A version of this article first appeared in CNBC’s Inside Wealth newsletter with Robert Frank, a weekly guide for high-net-worth investors and consumers. Sign up To receive future editions delivered directly to your inbox.
Family offices are at their most optimistic in years, plowing money into stocks and alternative investments as the Federal Reserve begins cutting interest rates, a new survey shows.
According to Citi Private Bank’s 2024 Global Family Office Survey, nearly all family offices (97%) expect to have positive returns this year, and nearly half expect to achieve double-digit gains.
“This is the most optimistic outlook we have ever seen,” said Hannes Hofmann, head of Citi Private Bank’s family office group, which has been conducting the survey for five years. “We clearly see an increase in risk appetite.”
The survey is the latest sign that family offices, the private investment arms of wealthy families, are moving away from two years of hoarding cash and bracing for the recession and starting to make more aggressive bets on market and valuation growth.
They particularly like private equity. Nearly half (47%) of family offices surveyed said they plan to increase their allocations to direct private equity in the next 12 months, the largest share of any investment category. Only 11% plan to reduce their PE holdings. Private equity funds ranked second, with 41% planning to increase allocations.
Family offices have also revived their interest in stocks as interest rates have fallen. More than a third (39%) of family offices plan to increase their allocation to equities in developed markets (mainly the United States), while only 9% plan to reduce their equity positions. This comes after 43% of family offices increased their investments in public equities last year.
Public stocks remain their largest holding among major asset classes, with stocks accounting for 28% of their typical portfolios, up from 22% last year, the survey showed.
“Family offices are taking money out of cash and putting money into public equities, private equity, direct investments and fixed income,” said Hoffman. “But mostly doing venture capital. That’s a very important development.”
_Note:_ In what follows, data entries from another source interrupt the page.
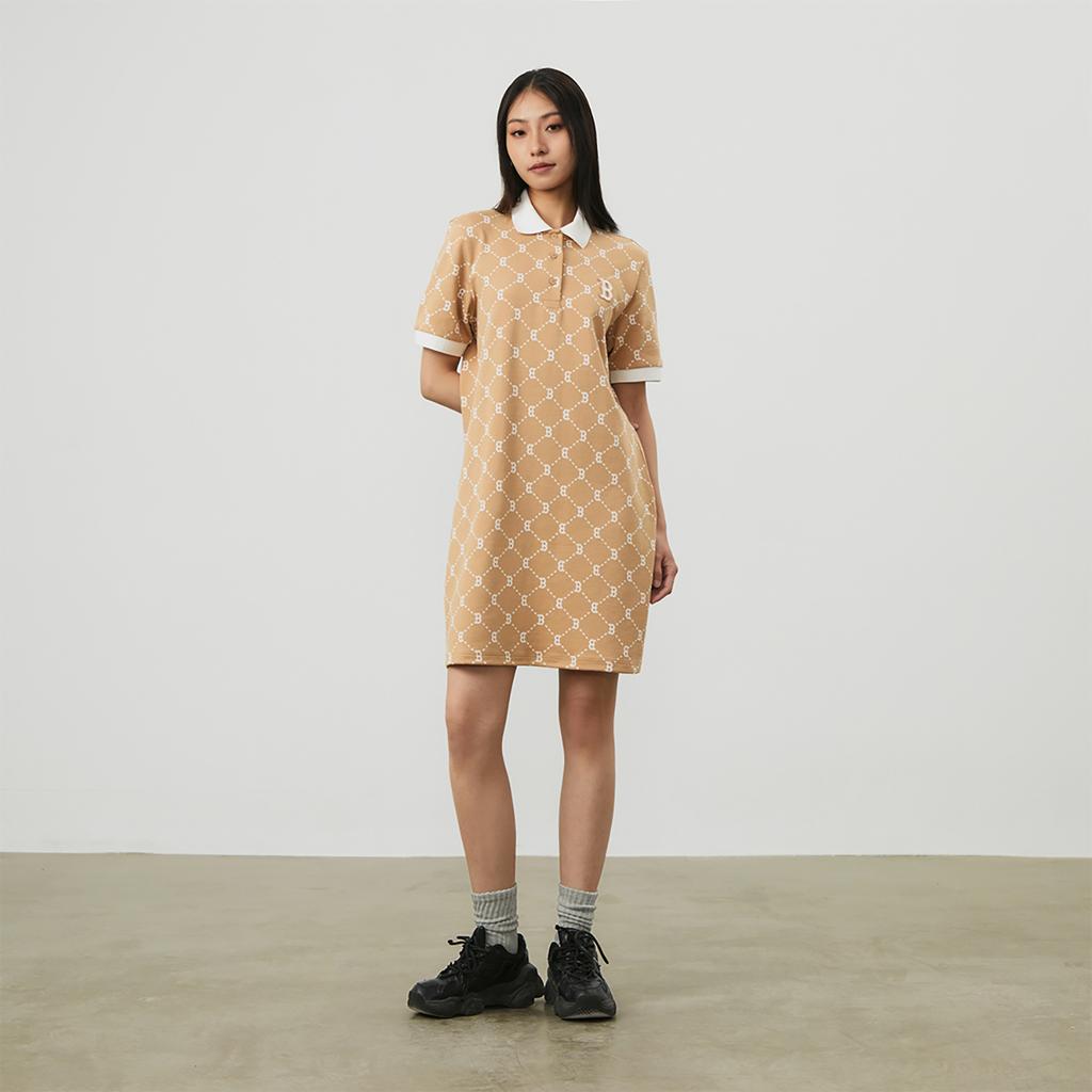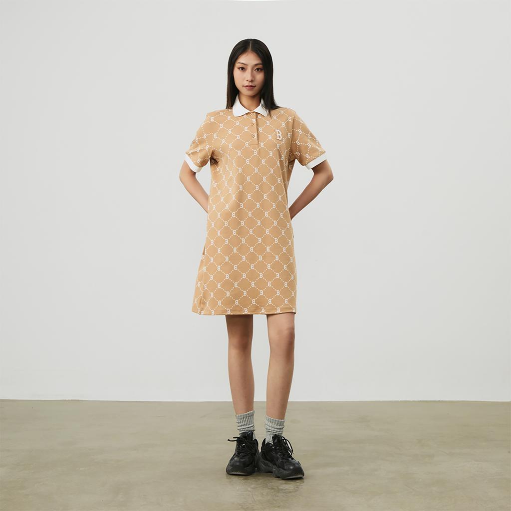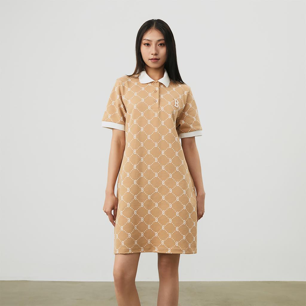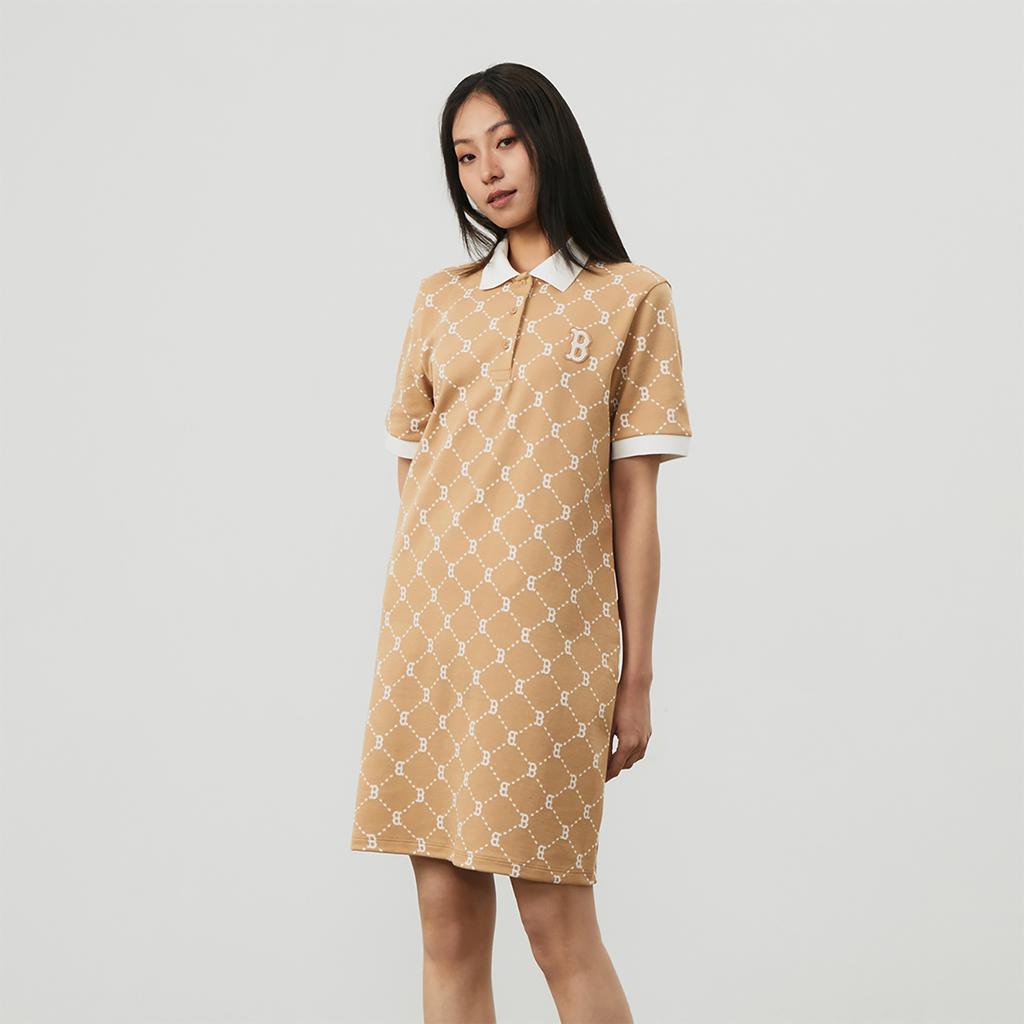 New MLB Boston Red Sox SS24 Short Sleeved Dress Women's Light Camel 3FOPM0443-43CAL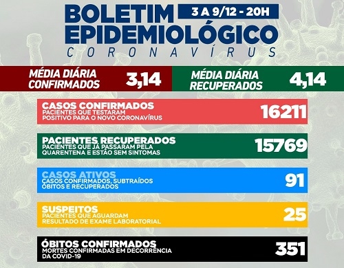 Campo Mourão teve 22 casos de covid-19 confirmados nos últimos sete dias. Os recuperados no período foram 29. O número casos ativos são 91. Ninguém morreu de covid-19 na última semana. Na ala covid são seis as pessoas internadas, sendo quatro na UTI. Dois mourãoenses estão na unidade de terapia intensiva.
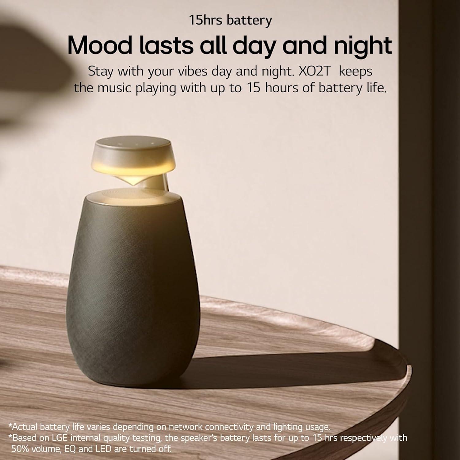 The XO2T lets you hear and feel your music anywhere you are, day or night. Filling spaces with 360° of distortion-free audio, this compact speaker delivers calm, peaceful and clear sound in addition to deep bass. It has crystal-clear tones, even at low volumes and you’ll bask in dazzling mood lighting, customizable for any vibe. ¹Up to 15 hours. Based on internal testing using volume level 50%, Bluetooth on, EQ Standard sound mode, and no lighting. Actual battery usage time and performance may vary depending on network connectivity and application use. ²Tested under controlled laboratory conditions with an IP55 rating under IEC standard 60529. Dust protected and resistant to low-pressure water jet spray from 2.5-3m away for 3 minutes. Dry before using. Do not charge while wet.

As interest rates start to fall, fixed income has become another favorite among family offices. Half of the family offices surveyed increased their fixed income investments last year, the largest amount of any category, and a third plan to increase their fixed income investments this year.
along with S&P 500 Index It’s up nearly 20% so far this year, and family offices are looking for strong returns in 2024. Nearly half (43%) expect returns of more than 10% this year. More than one in 10 large family offices (those with assets over $500 million) are expected to return more than 15% this year.
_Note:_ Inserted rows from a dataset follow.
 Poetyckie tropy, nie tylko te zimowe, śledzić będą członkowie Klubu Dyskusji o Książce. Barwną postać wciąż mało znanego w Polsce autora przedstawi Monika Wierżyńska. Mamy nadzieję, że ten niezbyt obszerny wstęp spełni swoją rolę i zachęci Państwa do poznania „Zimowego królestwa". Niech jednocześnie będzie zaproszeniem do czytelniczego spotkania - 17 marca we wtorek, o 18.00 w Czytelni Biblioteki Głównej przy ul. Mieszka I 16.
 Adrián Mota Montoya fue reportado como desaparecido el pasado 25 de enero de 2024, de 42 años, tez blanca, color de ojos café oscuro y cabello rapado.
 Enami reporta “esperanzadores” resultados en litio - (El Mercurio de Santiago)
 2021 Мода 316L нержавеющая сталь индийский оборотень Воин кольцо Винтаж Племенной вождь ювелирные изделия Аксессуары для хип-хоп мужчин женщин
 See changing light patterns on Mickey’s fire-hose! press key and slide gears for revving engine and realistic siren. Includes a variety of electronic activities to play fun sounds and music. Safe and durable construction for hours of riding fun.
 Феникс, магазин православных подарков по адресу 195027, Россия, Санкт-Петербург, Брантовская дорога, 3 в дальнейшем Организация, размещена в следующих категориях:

Of course, there are risks to their optimism. When asked about near-term concerns about the economy and financial markets, more than half cited the direction of interest rates. Sino-US relations are their second biggest concern, and market overvaluation ranks third. Citi said the survey marks the first time since 2021 that inflation is not the top concern for the family offices surveyed.
One of the biggest differences between family offices and other individual investors is their interest in alternatives. Private equity, venture capital, real estate and hedge funds currently account for 40% of the portfolios of family offices surveyed. This number is likely to continue to grow, especially as more family offices make direct investments in private companies.
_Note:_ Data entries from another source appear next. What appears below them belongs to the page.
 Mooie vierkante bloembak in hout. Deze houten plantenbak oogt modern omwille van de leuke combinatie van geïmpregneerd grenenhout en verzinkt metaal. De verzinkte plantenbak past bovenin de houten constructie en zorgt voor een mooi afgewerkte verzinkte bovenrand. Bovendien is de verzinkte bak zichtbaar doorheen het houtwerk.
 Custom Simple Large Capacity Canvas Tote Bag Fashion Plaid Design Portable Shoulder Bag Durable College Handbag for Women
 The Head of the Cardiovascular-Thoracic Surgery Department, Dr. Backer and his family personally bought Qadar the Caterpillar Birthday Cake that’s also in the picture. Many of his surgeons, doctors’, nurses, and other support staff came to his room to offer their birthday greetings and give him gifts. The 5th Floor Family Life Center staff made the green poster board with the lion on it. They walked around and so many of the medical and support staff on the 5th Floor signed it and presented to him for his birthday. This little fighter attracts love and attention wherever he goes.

“This is a significant allocation and shows that family offices are asset allocators, they are long-term investors, highly sophisticated and have a long-term view,” said Hoffman.
One of the biggest themes in their private investments is artificial intelligence. The family offices of Jeff Bezos and Bernard Arnault have both invested in artificial intelligence startups, and repeated surveys show that artificial intelligence is the number one investment theme for family offices this year. The Citi survey shows that more than half of family offices have exposure to artificial intelligence in their portfolios through public equity, private equity funds or direct private equity. Another 26% of family offices are considering increasing investment in artificial intelligence.
Hoffman said artificial intelligence has proven to be different from previous investment innovations, such as cryptocurrency, environment, society and governance (ESG). Only 17% of family offices have invested in digital assets, with the vast majority expressing no interest.
“Artificial intelligence is a subject that people are interested in and they are investing real money in,” Hoffman said. “With cryptocurrencies, people are interested, but at best, they’re putting some money in the game. With ESG, we found a lot of people saying they were interested, but a much smaller percentage of family offices. In fact, Money was really invested.